(Beginning of Material for this task)
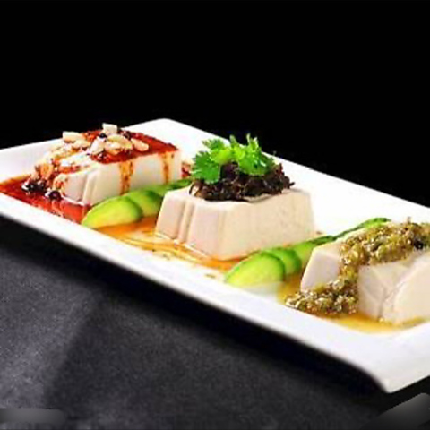 三種それぞれ異なる味わいを楽しめる、当店オリジナルの豆腐三味。なめらかな絹ごし、濃厚なごま豆腐、風味豊かな薬味豆腐など、日替わりで異なる食感と風味を一皿で堪能できます。ヘルシーながらも満足感があり、前菜やおつまみにぴったり。豆腐の奥深さを味わえる贅沢な一品です。
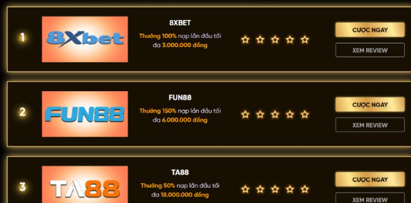 là trang web tổng hợp thông tin và đưa ra các đánh giá chân thực về các nhà cái uy tín đang có mặt tại thị trường Việt Nam. Chính vì thế, đây là trang web quen thuộc đối với các bet thủ mỗi khi tìm kiếm một địa chỉ cá cược uy tín. Chi tiết về website sẽ được giới thiệu trong bài viết này. Khám phá ngay.
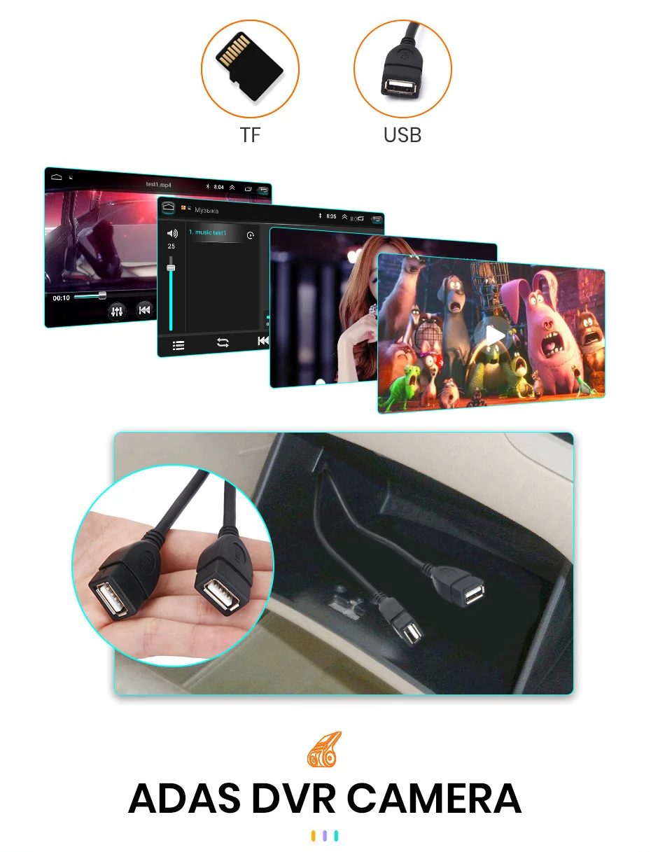 Когда автомобильное радио подключено к ADAS video recorder, это сделает передовую систему помощи при вождении, И предупредит вас, если ваш автомобиль слишком близко к переднему автомобилю или если ваш автомобиль отклоняется от полосы движения, чтобы помочь вашему вождению безопаснее и проще.
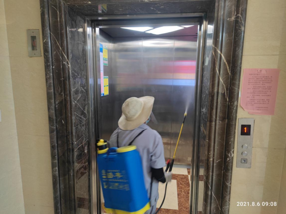 而在京杭融園小區內,保潔人員也各就各位,各司其職,認真細致的做好每日消殺工作。室內的電梯、樓層門廳、入戶大廳和室外的垃圾桶,垃圾池,是重點消殺區域。健身區域、兒童游樂區和公示欄前雖然已經幾乎沒有人,但也不能放松,還是要進行噴灑。警戒線周圍更是需要反復消殺,加密消殺。
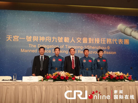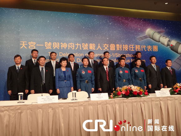 當(dāng)天下午,代表團(tuán)團(tuán)長(zhǎng)、中國(guó)載人航天工程副總指揮牛紅光,中國(guó)載人航天工程總設(shè)計(jì)師周建平,以及神舟九號(hào)三名航天員景海鵬、劉旺、劉洋與香港媒體見(jiàn)面。
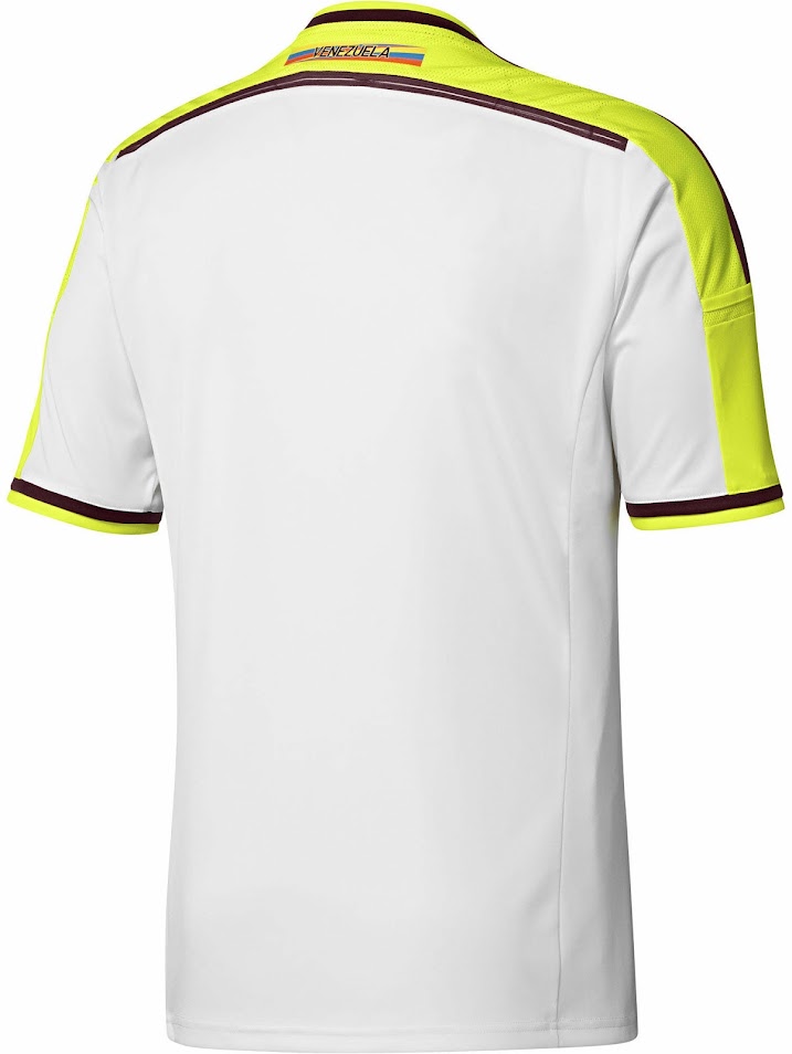 Das neue Venezuela 2014-2015 Auswärtstrikot ist weiß mit gelben und dunkelroten Elementen. Während das Venezuela 2014 Auswärtstrikot auf dem Adidas Condivo 14 Template basiert, sind die Farben nicht aus dem Katalog. Die Logos und Streifen sind dunkelrot, während die Oberseite der Ärmel, die Schultern und der obere Rückseitenbereich hauptsächlich gelb sind. Das neue Venezuela Auswärtstrikot hat einen halb roten, halb gelben V-Kragen, genauso wie bei den Ärmelenden. Auf der oberen Rückseite unterhalb des Kragens des Venezuela 14-15 Auswärtstrikots ist ein Flaggenelement mit dem Schriftzug Venezuela.
(End of Material for this task)
__About this exercise__
Without including any picture, set down the listing above exactly as it appears.

__Worked solution__
 三種それぞれ異なる味わいを楽しめる、当店オリジナルの豆腐三味。なめらかな絹ごし、濃厚なごま豆腐、風味豊かな薬味豆腐など、日替わりで異なる食感と風味を一皿で堪能できます。ヘルシーながらも満足感があり、前菜やおつまみにぴったり。豆腐の奥深さを味わえる贅沢な一品です。
 là trang web tổng hợp thông tin và đưa ra các đánh giá chân thực về các nhà cái uy tín đang có mặt tại thị trường Việt Nam. Chính vì thế, đây là trang web quen thuộc đối với các bet thủ mỗi khi tìm kiếm một địa chỉ cá cược uy tín. Chi tiết về website sẽ được giới thiệu trong bài viết này. Khám phá ngay.
 Когда автомобильное радио подключено к ADAS video recorder, это сделает передовую систему помощи при вождении, И предупредит вас, если ваш автомобиль слишком близко к переднему автомобилю или если ваш автомобиль отклоняется от полосы движения, чтобы помочь вашему вождению безопаснее и проще.
 而在京杭融園小區內,保潔人員也各就各位,各司其職,認真細致的做好每日消殺工作。室內的電梯、樓層門廳、入戶大廳和室外的垃圾桶,垃圾池,是重點消殺區域。健身區域、兒童游樂區和公示欄前雖然已經幾乎沒有人,但也不能放松,還是要進行噴灑。警戒線周圍更是需要反復消殺,加密消殺。
 當(dāng)天下午,代表團(tuán)團(tuán)長(zhǎng)、中國(guó)載人航天工程副總指揮牛紅光,中國(guó)載人航天工程總設(shè)計(jì)師周建平,以及神舟九號(hào)三名航天員景海鵬、劉旺、劉洋與香港媒體見(jiàn)面。
 Das neue Venezuela 2014-2015 Auswärtstrikot ist weiß mit gelben und dunkelroten Elementen. Während das Venezuela 2014 Auswärtstrikot auf dem Adidas Condivo 14 Template basiert, sind die Farben nicht aus dem Katalog. Die Logos und Streifen sind dunkelrot, während die Oberseite der Ärmel, die Schultern und der obere Rückseitenbereich hauptsächlich gelb sind. Das neue Venezuela Auswärtstrikot hat einen halb roten, halb gelben V-Kragen, genauso wie bei den Ärmelenden. Auf der oberen Rückseite unterhalb des Kragens des Venezuela 14-15 Auswärtstrikots ist ein Flaggenelement mit dem Schriftzug Venezuela.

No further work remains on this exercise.